Any relation to bug 102787?
This problem is reproducible on my Linux GTK+ box, but not if I convert the XSDEditor to a plain EditorPart. I'll trace the leak with OptimizeIt....
Same here. I converted it to EditorPart and the leak is gone.
I don't think this has much to do with the navigation history (Bug 102787). The navigation history holds on to the IEditorInput, not the part itself. The problem is that the WorkbenchPage is not calling dispose on an UndoActionHandler. This means that the UndoActionHandler remains in the part listener list. The UndoActionHandler holds on to the MultiPageEditorSite, which in turn holds on to the TextEditor created by XSDEditor. There are three things I think should be done: 1.) MultiPageEditorSite should null out its reference to multiPageEditor in the dispose method. 2.) OperationHistoryActionHandler should null out its reference to site in its dispose method. 3.) We must find out why dispose is not being called on OperationHistoryActionHandler and resolve the problem. If I were to guess, I'd bet that the dispose is never called because a particular event doesn't arrive for the nested part.
Okay, I'm done looking at this bug for now. I'll wait for Nick to ring in with his thoughts.
The dispose is called by the action handler itself when it receives the partClosed event. However it relies on the part parameter in partClosed to match the site's part. (see OperationHistoryActionHandler.PartListener.partClosed(IWorkbenchPart)): if (part.equals(site.getPart())) { dispose() } Is this a bad assumption for multi-page editors?
It's reasonable to assume that the part is 1:1 with its site, but the workbench does not know about nested parts and will not issue partClosed() for any nested editor. Looks like the undo/redo action handlers will need to be disposed explicitly by the editor itself. I agree that the site can let go of the editor when it is disposed. Stefan, it looks like PartSite will has the same problem. The part is assigned in the constructor but is not cleared in dispose(). IWorkbenchPartSite.getPart() (new in 3.1) does not specify that it can return null, but it probably should return null after the part and its site have been disposed (and the site should be disposed after the part).
In ViewReference.doDisposePart() and EditorReference.doDisposePart() the site and its services are being disposed before the part. This seems wrong, as the part's dispose() method may need to talk to the site or its services. At the least, (part.getSite().getPart() == part) should hold during dispose().
Susan, would you be able to change the action handler lifecycle so that the editors dispose the action explicitly?
if (part.equals(site.getPart())) { dispose(); } else if ((site instanceof MultiPageEditorSite) && (part.equals(((MultiPageEditorSite) site) .getMultiPageEditor()))) { dispose(); }
That would work, but it's yucky to introduce special case checks for the MPE case. We don't do this anywhere else in the workbench.

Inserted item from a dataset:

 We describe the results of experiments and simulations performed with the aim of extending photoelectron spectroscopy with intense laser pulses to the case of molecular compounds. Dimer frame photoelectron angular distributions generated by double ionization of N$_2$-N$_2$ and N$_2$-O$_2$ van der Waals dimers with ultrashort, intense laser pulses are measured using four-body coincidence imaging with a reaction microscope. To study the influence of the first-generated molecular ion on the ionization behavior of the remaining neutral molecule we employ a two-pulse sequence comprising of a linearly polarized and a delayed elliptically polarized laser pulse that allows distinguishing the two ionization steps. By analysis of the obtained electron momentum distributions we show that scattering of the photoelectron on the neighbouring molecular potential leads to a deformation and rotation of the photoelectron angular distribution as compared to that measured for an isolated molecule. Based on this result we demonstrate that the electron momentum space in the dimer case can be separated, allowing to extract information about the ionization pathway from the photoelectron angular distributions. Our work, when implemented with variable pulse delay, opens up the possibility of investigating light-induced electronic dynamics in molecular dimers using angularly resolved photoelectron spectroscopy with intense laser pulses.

It would be better if the action could get notified of disposal via a service directly on the part's site, rather than registering on the page's part service, which assumes that the part is top-level.
Perhaps we don't have special case for a MultiPageEditorPart yet, but we do have extensive special cases for MultiEditor. My thought was that Stefan's component framework would keep this class of problems from new code, while such a small fix would be a low risk way of addressing existing code. But either way. It doesn't really matter.

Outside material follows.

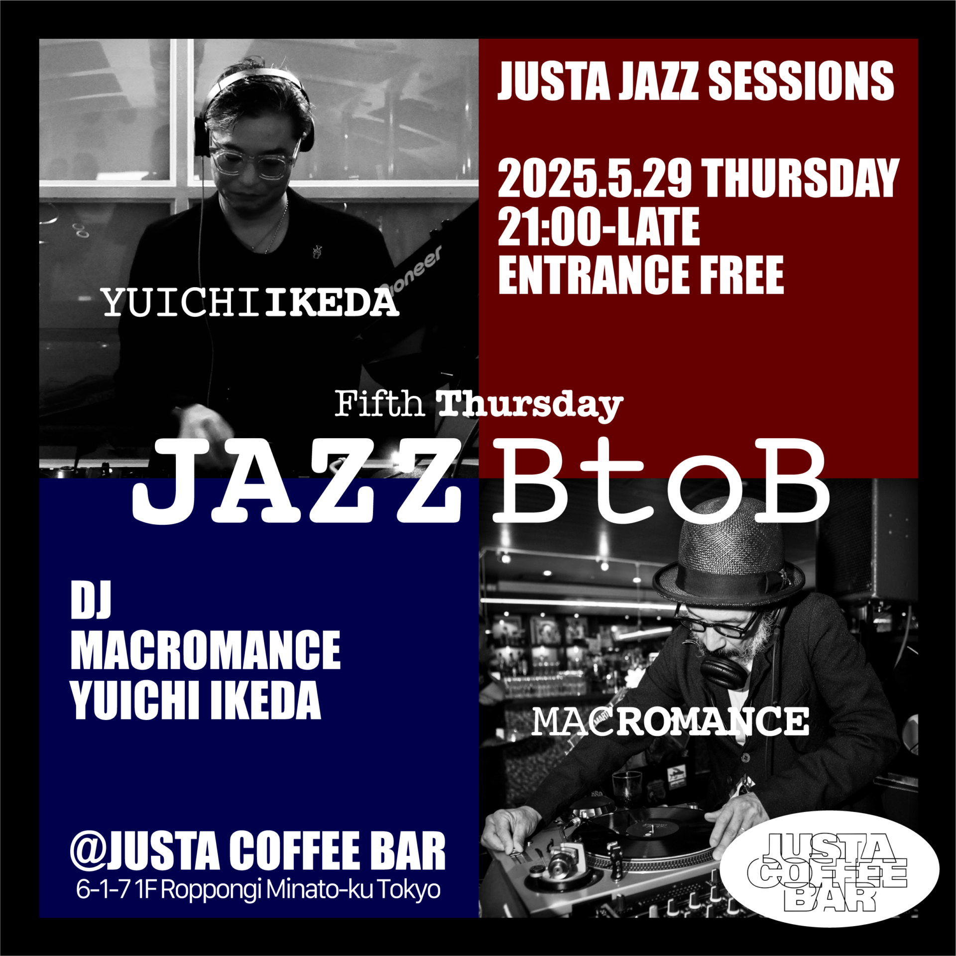 2025年に4日しかない第5木曜日。どこかミステリアスな月末の木曜はJAZZ BtoB Sessions。マックロマンスと選曲家&音空間家の池田雄一さんの2人でJUSTAをJAZZ色に染め上げます。異なるバックグラウンドを持ちながら共にJAZZを愛するふたりのDJの衝突、融合、新たな化学反応をお楽しみください。

In response to comment #12, it's not a problem for me to change the action handler so that it doesn't rely on part events to dispose itself, but it would then be up to all clients to dispose. The current behavior was added due to bug #88352. See the discussion from bug #88352 comment #10 on. Do you think we should revert back to having clients do it? I agree that the comment #13 solution is kind of yucky. It seems odd for such a special case to be handled by an action handler that can be placed on any view or editor. (I'd feel better about the hack if the handler were editor- specific).
Sorry I didn't think of the nested part case when the part listener change for bug 88352 went in. Since we shipped 3.1 with the undo/redo action handlers disposing themselves, maybe it would be best to just use Doug's suggestion for now.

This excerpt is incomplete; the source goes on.